The overall systems redesign framework offered by the IOM provided specific recommendations concerning prevention, acute care, chronic treatment, and palliative care in addition to supporting patient-centered quality improvement goals [18]. Summarily, the IOM’s National Cancer Policy Board (1999) also recognized that optimal care may be compromised due to a patient’s social and economic status, belief system, provider decision-making, or lack of healthcare coverage [4]. Internationally, three goals established by the World Health Organization for healthcare systems emphasized that: (1) health status across populations be maximized across the spectrum of one’s life, to include end-of-life issues; (2) respectful treatment and orientation be addressed for patients, particularly concerning individual needs or preferences; and (3) financial protection be ensured by considering value propositions based upon an individual’s ability to pay [19].


17.4 Health Outcomes and Comparative Effectiveness Research


Outcomes research broadly encompasses the measurement and assessment of the impact of medical conditions and interventions upon the health status of patients [2022]. The Agency for Healthcare Research and Quality (AHRQ) emphasized:

Outcomes research seeks to understand the end results of particular health care practices and interventions… End results include effects that people experience and care about, such as change in the ability to function. In particular, for individuals with chronic conditions – where cure is not always possible – end results include quality of life as well as mortality. By linking the care people get to the outcomes they experience, outcomes research has become the key to developing better ways to monitor and improve the quality of care. [2022]

The National Cancer Institute (NCI) addressed outcomes research as a discipline which “describes, interprets, and predicts the impact of various influences, especially (but not exclusively) interventions, on ‘final’ endpoints that matter to decision makers” [21, 23].

Lipscomb et al. (2004) emphasized three requirements necessary for outcomes research to enhance the delivery of care: (1) developing valid and reliable outcome measures that were relevant for actual decision making; (2) providing supportive evidence that linked interventions to outcomes; and (3) developing an infrastructure necessary to translate empirical findings into pragmatic tools for decision makers [21, 24].

Presented in Fig. 17.5, a framework termed the ECHO model is often employed to encompass patient-centered economic, clinical, or humanistic outcomes [25]. Within this, economic outcomes involve the direct and indirect benefits attributed to a change in health state associated with treatment alternatives. Clinical outcomes involve those health-related events that occur subsequent to a medical condition or treatment intervention (i.e., morbidity or mortality), further classified as surrogate or intermediary endpoints (i.e., proxies of a person’s health status) or final endpoints (e.g., cure, treatment success, progression-free survival, death). Finally, humanistic outcomes involve those factors potentially impacting opinions about the consequences of a medical condition or intervention upon a person’s life or well-being and include utility, preferences, or health-related quality of life (HR-QoL), and patient-reported outcomes (PROs).

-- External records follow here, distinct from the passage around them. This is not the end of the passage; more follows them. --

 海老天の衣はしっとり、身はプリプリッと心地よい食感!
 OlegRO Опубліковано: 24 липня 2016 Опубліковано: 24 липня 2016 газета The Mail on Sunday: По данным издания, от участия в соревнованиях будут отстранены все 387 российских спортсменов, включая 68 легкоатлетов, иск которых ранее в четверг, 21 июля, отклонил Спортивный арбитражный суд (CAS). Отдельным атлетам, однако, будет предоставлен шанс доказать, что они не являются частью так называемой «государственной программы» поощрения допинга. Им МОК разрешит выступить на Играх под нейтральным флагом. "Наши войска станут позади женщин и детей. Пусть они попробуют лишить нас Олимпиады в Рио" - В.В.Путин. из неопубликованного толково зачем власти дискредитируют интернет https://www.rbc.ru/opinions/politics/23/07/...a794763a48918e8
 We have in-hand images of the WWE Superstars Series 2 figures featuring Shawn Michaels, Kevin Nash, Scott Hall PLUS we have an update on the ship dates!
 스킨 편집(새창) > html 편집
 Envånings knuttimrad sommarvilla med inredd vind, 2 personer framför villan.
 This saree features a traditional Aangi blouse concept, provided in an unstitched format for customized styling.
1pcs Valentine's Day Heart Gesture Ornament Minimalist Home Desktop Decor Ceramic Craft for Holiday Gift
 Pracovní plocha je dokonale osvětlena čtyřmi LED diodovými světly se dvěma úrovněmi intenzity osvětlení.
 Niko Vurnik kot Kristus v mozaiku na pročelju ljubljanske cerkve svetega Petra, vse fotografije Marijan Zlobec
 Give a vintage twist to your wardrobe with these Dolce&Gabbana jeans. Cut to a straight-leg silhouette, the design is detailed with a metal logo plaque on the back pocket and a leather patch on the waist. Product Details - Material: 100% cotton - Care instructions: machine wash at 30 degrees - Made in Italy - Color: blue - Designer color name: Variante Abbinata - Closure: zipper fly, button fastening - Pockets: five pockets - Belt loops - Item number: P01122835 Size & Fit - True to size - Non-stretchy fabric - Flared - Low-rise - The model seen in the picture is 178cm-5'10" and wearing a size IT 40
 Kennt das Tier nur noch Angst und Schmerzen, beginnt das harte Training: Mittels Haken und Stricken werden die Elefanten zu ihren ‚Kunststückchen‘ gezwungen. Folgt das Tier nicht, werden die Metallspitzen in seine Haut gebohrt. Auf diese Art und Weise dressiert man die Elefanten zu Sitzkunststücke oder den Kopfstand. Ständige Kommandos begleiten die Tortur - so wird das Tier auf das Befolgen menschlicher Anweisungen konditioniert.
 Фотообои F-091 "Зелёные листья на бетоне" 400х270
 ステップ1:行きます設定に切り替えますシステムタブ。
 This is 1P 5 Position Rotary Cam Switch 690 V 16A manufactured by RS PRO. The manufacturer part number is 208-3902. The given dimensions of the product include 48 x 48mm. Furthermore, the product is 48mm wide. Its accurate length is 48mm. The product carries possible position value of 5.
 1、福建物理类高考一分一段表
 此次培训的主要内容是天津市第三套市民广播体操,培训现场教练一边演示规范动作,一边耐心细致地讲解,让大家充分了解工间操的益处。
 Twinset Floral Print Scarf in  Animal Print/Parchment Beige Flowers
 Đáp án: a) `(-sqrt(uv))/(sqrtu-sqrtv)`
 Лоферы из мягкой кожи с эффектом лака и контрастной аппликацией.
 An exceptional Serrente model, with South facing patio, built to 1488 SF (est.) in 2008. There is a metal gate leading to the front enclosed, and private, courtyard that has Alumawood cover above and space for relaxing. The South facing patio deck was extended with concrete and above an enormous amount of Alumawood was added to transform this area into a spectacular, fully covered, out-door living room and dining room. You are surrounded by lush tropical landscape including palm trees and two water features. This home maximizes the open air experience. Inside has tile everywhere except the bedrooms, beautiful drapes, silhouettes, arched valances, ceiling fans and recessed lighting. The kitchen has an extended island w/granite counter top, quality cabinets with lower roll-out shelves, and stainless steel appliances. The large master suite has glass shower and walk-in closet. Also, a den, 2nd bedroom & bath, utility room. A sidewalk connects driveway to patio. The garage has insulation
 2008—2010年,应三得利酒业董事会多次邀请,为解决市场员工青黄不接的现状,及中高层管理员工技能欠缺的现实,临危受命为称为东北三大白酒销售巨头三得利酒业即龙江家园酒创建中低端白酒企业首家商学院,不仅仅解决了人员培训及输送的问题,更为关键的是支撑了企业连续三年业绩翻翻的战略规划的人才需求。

Cost inputs to the ECHO model are those based upon varying perspectives of various decision makers or payers (i.e., “costs from the perspective of whom?”), consisting of direct medical costs associated with the direct medical treatment of a given disease state, direct nonmedical costs associated with the ability to receive medical care including transportation or lodging, and indirect costs involving lost productivity including time off work [26]. Treatment modifiers are comprised of various factors that may influence the various outcomes of interest including, for example, adverse events or nonadherence. Notably, the ECHO framework often involves the simultaneous assessment of multiple types of outcomes that are often disease related.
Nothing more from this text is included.